27 August, 2017

Chaya and Cicadas in the Heat

Boy, is it hot!  The local produce suffers in the heat; the heat makes the water spinach and lots of other greens very bitter.  One plant we are turning to more and more is Chaya, also called spinach tree.
We were given a hand full of cuttings several years ago that were the start of this big clump of Chaya.
We put the handful of chaya cuttings that we got from a friend down into a bucket of water for a couple months and basically forgot about them.  When I finally remembered to check on them, they had developed a nice root system, so we  planted them behind our back veranda.  For 2 years now we have been harvesting chaya leaves.  I started routinely harvesting them about once a week several months ago when all the greens we bought at the market were quite bitter from the heat.  All except the chaya, which thrives in the heat and has no bitterness at all.  I'm actually rather puzzled about how to describe the taste of chaya.  It is mild, but has an almost meaty hint to it that spinach and other greens I am familiar with lack.  Maybe this is because it has higher protein content than spinach does.  Anyway, the taste is pleasant and mild, almost bland.
Freshly harvested chaya leaves ready for de-stemming and chopping.
I harvest only the newest, still-glossy leaves since the older leaves can be quite tough - even after boiling for 15 minutes!  Chaya is incredibly nutritious, packing in a lot more nutrients than traditional spinach.  One draw-back is that when raw it contains a cyanide generating compound, which fortunately is destroyed by boiling for 12-15 minutes.
Boiling the chaya.
I usually boil up a couple of cups of chopped leaves, which yields about 3/4cup of cooked chaya.  The leaves are sturdy enough that they stay intact through the boiling.  After boiling, draining, and cooling the chaya, I usually put in a baggie and store it frozen until I am ready to cook with it.  You can use it the same way you would for spinach - in soups, enchiladas, scrambled eggs, spaghetti sauce, or added to casseroles.
Chaya in creamy cheese sauce.
A couple of nights ago, I added chaya to a creamy cheese sauce that I made to put over baked potatoes.  I also put in a couple of red jalapeƱo peppers to give the sauce a little extra kick.
Chaya cheese sauce over pan-seared turkey sausage bits atop baked potatoes - a meal in bowl.
The sauce was very tasty.  In retrospect, I could have added more chaya.  Next time.

Besides bitterness to greens, the hot weather also brings out the cicadas.  I had been noticing empty cicada exuviae still clutching knee-level vegetation when out on my morning runs.  I got a photo of one, only to realize when processing it that the nascent adult had not yet emerged.
Last larval stage of a cicada.  I think the nascent adult is still inside.
The hotter the weather, the louder the adult cicadas sing - at least that is I learned growing up in Georgia.
Adult cicada.
I saw this cicada on the outside of the veranda screen and it stayed still long enough for me to get my camera and immortalize it.  They are sure loud these days.

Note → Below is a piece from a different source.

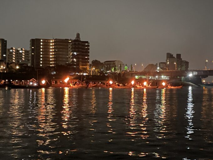 日が暮れるといよいよ鵜飼が始まります。
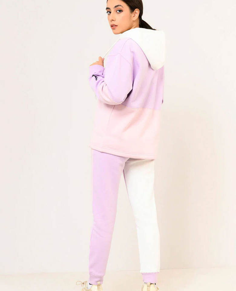 ชุดวอร์มผ้าคอตตอนผ้าฟลีซสองชิ้นสำหรับผู้หญิงชุดวอร์มแบบสวมหัวพิมพ์ลายแฟชั่นสำหรับฤดูหนาว

  1. Those cicadas could drive a person crazy, but your photos are exceptional. I've never heard of chaya. It sounds good... especially the high protein. I developed an allergic reaction to spinach; it depends on how it's cooked (raw is impossible for me to eat) and causes my tongue and the inside of my mouth to get really irritated. Too bad, too, because I really love it.

    1. Too bad about the spinach reaction! I really like chaya, but I like spinach too. Did you get those periodic cicadas in Connecticut? Boy when those have a hatching, summer can be deafening! At least these cicadas aren't quite as numerous as the ones we had in Georgia.

  2. Chaya looks pretty, and I'm impressed by how healthy it is. Yet, cyanide generating's a bit scary. Do keep boiling the heck out of it.

    Have a nice week, Wilma.

    1. I know! Reliable sources say you can eat up to 5 fully-cyanide loaded raw leaves a week (or was it day/) and not worry. But I do worry, so I always cook it. Makes it easier to use anyway.

  3. The goodness in that Chaya sounds terrific but that cyanide start would worry the life out of me. I remember from my holidays in the Caribbean the non-stop noise of the cicadas, it must drive you almost mad on a regular basis, although I guess you'll say that you just get used to it.

    1. We don't hear them too often right where we are, but they are loud back in the jungle. The big broods of periodic cicadas that we would get in Georgia every 13 years were truly deafening in their huge numbers. Don't think one could every get used to that cacophony!

      Lots of food have toxic components unless cooked - kidney beans for example. I just cook the chaya as recommended and don't worry about it.